At 4:50 p.m., defendant telephoned Laidlaw and reported a hit and run accident. He left his name and telephone number in case someone turned in the license plate. He did not recall reporting that he pointed a gun at Alvarenga but did say that he had removed the license plate. Defendant later told a person he thought was a Laidlaw employee that Alvarenga had hit and sprayed him with pepper spray and that he had pointed a gun at Alvarenga, but did not say that the gun was a “fake.”

DISCUSSION

Defendant’s sole contention on appeal is that there is insufficient evidence of felonious intent to support his conviction. He argues that the prosecution failed to establish that he “remove[d] the license plate with the purpose of stealing it, and permanently depriving its owner of its use.” Rather, his purpose in removing the license plate was to assist the bus company by providing it with a means of tracking down the driver who had collided with one of its buses. The license plate had no independent value to him so as to permit an inference that he only intended to deprive the owner of the license plate until the company could identify the owner. This contention is without merit.

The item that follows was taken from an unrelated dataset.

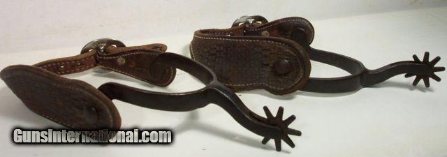 Description: Pair of single mounted spurs made by Tom Johnson, Jr. in Dalhart, Texas; circa 1912; antique; from my own personal collection;All items shipped fully insured--Spurs $30; return policy: three days inspection from the date the item is received; full refund of shipping both ways ONLY IF THE ITEM IS MISREPRESENTED. Note: International sales only as laws permit. SOLD |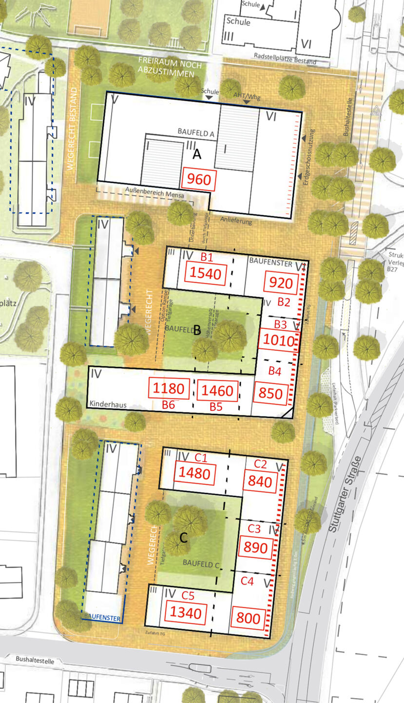 Bei der Preisermittlung ist zu beachten, dass die angegebenen Parzellen nur ein Vorschlag sind. Die endgültigen Grundstückszuschnitte hängen davon ab, wie groß die eingereichten Projekte sind. Zum jeweiligen Baufenster kommt noch ein Anteil an privatem und gemeinschaftlichem Garten innerhalb des Hofs dazu. Die angegebenen Werte sind daher als Orientierungswerte zu verstehen und treffen keine Aussage über den exakten endgültigen Kaufpreis.

“In assessing the sufficiency of the evidence, we review the entire record in the light most favorable to the judgment to determine whether it discloses evidence that is reasonable, credible, and of solid value such that a reasonable trier of fact could find the defendant guilty beyond a reasonable doubt. [Citations.]” (People v. Bolin (1998) 18 Cal.4th 297, 331.) We resolve all conflicts in the evidence and questions of credibility in favor of the verdict, and indulge every reasonable inference the jury could draw from the evidence. (People v. Autry, supra,37 Cal.App.4th at p. 358.) We must presume every fact in support of the judgment that the trier of fact could have reasonably deduced from the evidence. (People v. Rayford (1994) 9 Cal.4th 1, 23.) Reversal on this ground is unwarranted unless ‘“upon no hypothesis whatever is there sufficient substantial evidence to support [the conviction].’” (People v. Bolin, supra, at p. 331.) This standard of review is the same in cases involving circumstantial evidence. (People v. Stanley (1995) 10 Cal.4th 764, 792.)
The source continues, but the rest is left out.